Yes. We go to the moon to see what kind of “cheese” it is made of. Is it made of “tel tel panir” or stinky limburger? When we don’t even know what is right under our voriks. When 90% of us don’t know where the next piece of cheese is coming, or for that matter, the next loaf of bread. Brings to mind Marie Antoienette who, at the sight of the hungry for bread crowd, said “let them eat cak :oops” I mean “cake”.
And now, we should worry about the “big bang” when more than half the population suffers of “hunger pang”!
There ought to be law. No not a “law of physics” but a “law of physiology“.
If only 1 % of that budget were spent to dry tearful eyes and fill empty stomachs!!

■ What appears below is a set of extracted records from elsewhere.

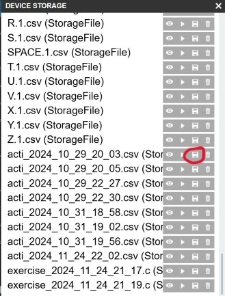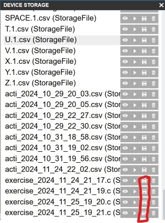 Access the Storage again from within Espruino IDE, and download the exercise files (namedexercise + timestamp when file created)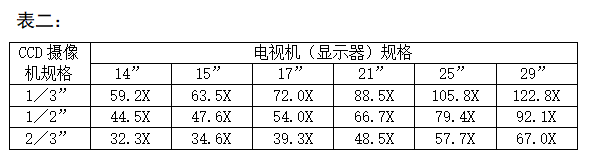 數字放大(da)倍(bei)數 = 監視器(qi)尺(chi)寸 * 25.4/CCD或CMOS靶面尺(chi)寸(即對角線(xian)尺(chi)寸大(da)小) ;(1英寸=25.4mm)(見表二)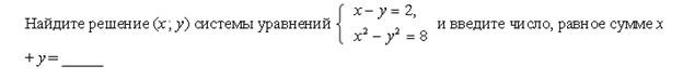 Вопрос id:640052 Чан наполняется двумя кранами при совместной работе за 1 ч. Наполнение чана только через первый кран длится вдвое дольше, чем через второй кран. За какой промежуток времени каждый кран отдельно может наполнить чан? ?) 7 и 3,5 ч ?) 2 и 4 ч ?) 3 и 6 ч ?) 3 и 1,5 ч Вопрос id:640053 ![]() Вопрос id:640054 ![]() Вопрос id:640055 ![]() Вопрос id:640056 ![]() Вопрос id:640057 ![]() Вопрос id:640058 ![]() Вопрос id:640059 ![]() Вопрос id:640060 ![]() Вопрос id:640061 ![]() ?) 10 ?) –16 ?) –12 ?) 14 Вопрос id:640062 ![]() ?) –5 ?) –1 ?) –3 ?) 3 Вопрос id:640063 ![]() ?) 12 ?) 4 ?) –8 ?) –3 Вопрос id:640064 ![]() ?) 5 ?) 4 ?) ?) Вопрос id:640065 ![]() ?) 14 ?) –7,8 ?) 1,2 ?) –3 Вопрос id:640066 ![]() ?) (7; –3), (9; 1) ?) (–3; 7), (4; 2) ?) (2; 5), (–1; 6) ?) (–2; 4), (3; 9) Вопрос id:640067 ![]() ?) (–1; 2), (2; –1) ?) (–2; 3), (–3; 2) ?) (1; 0), (0; 1) ?) (–3; 4), (4; –3) Вопрос id:640068 ![]() ?) (–4; –2), (0,1; 0,4) ?) (5; 1), (0,3; 0,9) ?) (–2; 1), (0,2; 0,5) ?) (3; 2), (–0,4; 0,3) Вопрос id:640069 ![]() ?) (0; 1), (–2; 2) ?) (1; 1) ?) (–5; 2), (6; –1) ?) (4; 2), (3; 8) Вопрос id:640070 ![]() ?) (5; –1), (5; 1), (–5; –1), (–5; 1) ?) (2; –5), (2; 5), (–2; –5), (–2; 5) ?) (4; –3), (4; 3), (–4; –3), (–4; 3) ?) (3; –2), (3; 2), (–2; –3), (–2; 3) Вопрос id:640071 ![]() ?) (4; –1), (4; 1), (–4; –1), (–4; 1) ?) (–4; –1), (–4; 1) ?) (4; –1), (4; 1) ?) (4; 1) Вопрос id:640072 ![]() ?) 1 ?) 2 ?) 4 ?) 3 Вопрос id:640073 ![]() ?) (1; 1), (0,5; 3), (2; –1), (–2; 4) ?) (1; 1), (0,5; 2), (2; –1), (–0,5; 4) ?) (4; 1), (0,5; 2), (0,5; –1), (–0,5; 4) ?) (1; 4), (1; 2), (2; –1), (–0,5; 4) Вопрос id:640074 ![]() Вопрос id:640075 ![]() Вопрос id:640076 ![]() Вопрос id:640077 Введите «да», если соотношения верны, и «нет», если неверны?) да ?) нет Вопрос id:640078 ![]() ?) 15 ?) –3 ?) 9 ?) –9 Вопрос id:640079 ![]() ?) ?) 6 ?) ?) –5 |

Progress is made only through specialization and society's ability and willingness to set aside resources for purposes that are on the surface non-essential. By your logic, writing dictionaries, linguistic treatises, or poems, all of which you seem to enjoy so much, are all frivolous activities that take away from the time and resources that keep the food away from hungry mouths. By that logic, the world economy and social development would be at a very egalitarian and no-nonsense hunter-gatherer level. There would not be many hungry mouths to feed, because the economy couldn't sustain that many souls. And almost everybody would have "short, nasty, and brutish" lives. If you want to spare some money for the poor, I suggest you start by advocating an 80% cut in the "defense" (huh!) budget, which is essentially a charity and welfare scheme for a whole bunch of people (including a disturbing number of people with Armenian descent) whose labor can be much better employed in search of cures for diseases or developing technologies that do things other than maiming, pulverizing or vaporizing people.

Edited by Twilight Bark, 10 September 2008 - 04:01 PM.